_SOURCE MATERIAL:_
------------
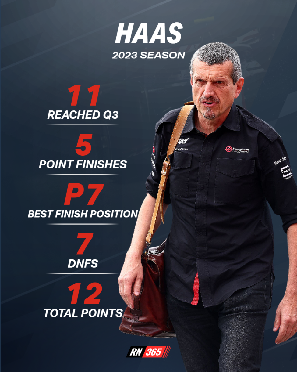Teambaas Guenther Steiner heeft weer een seizoen achter de rug waarin hij als laatste eindigde in het constructeurskampioenschap. De neerwaartse trend van Haas houdt zo aan, want het team eindigde nog op de vijfde plaats in 2018. Na de voorwaartse stapjes in 2022 zijn het team en Steiner weer terug bij af, nu ze de bolide voor 2024 bouwen.
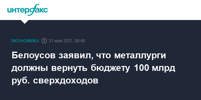 Белоусов заявил, что металлурги должны вернуть бюджету 100 млрд руб. сверхдоходов
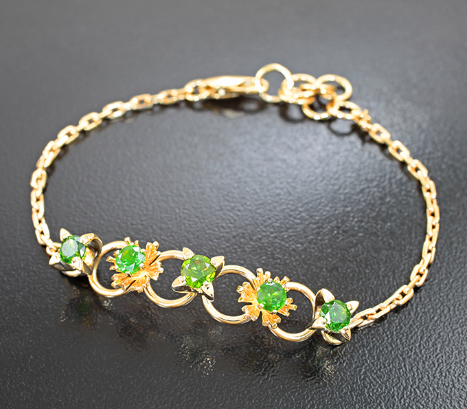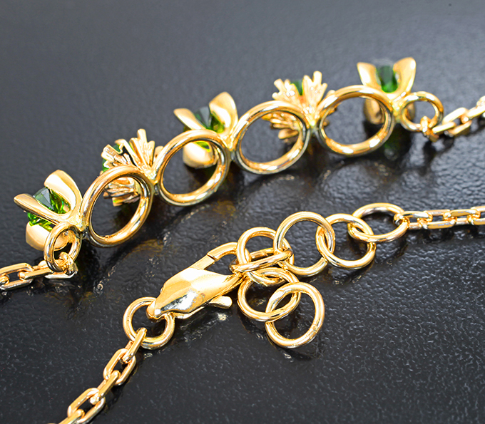 Вашему вниманию предлагается браслет из желтого золота 585 пробы с уральскими демантоидами! Длина браслета регулируемая: от 170 мм до 195 мм, ширина 8 мм. Вес изделия 9,28 г. Ниже приводятся ювелирные характеристики вставки.
------------
_TO DO:_ From the first line to the last, retype the data exactly, without images.

_THE ANSWER:_
Teambaas Guenther Steiner heeft weer een seizoen achter de rug waarin hij als laatste eindigde in het constructeurskampioenschap. De neerwaartse trend van Haas houdt zo aan, want het team eindigde nog op de vijfde plaats in 2018. Na de voorwaartse stapjes in 2022 zijn het team en Steiner weer terug bij af, nu ze de bolide voor 2024 bouwen.
 Белоусов заявил, что металлурги должны вернуть бюджету 100 млрд руб. сверхдоходов
 Вашему вниманию предлагается браслет из желтого золота 585 пробы с уральскими демантоидами! Длина браслета регулируемая: от 170 мм до 195 мм, ширина 8 мм. Вес изделия 9,28 г. Ниже приводятся ювелирные характеристики вставки.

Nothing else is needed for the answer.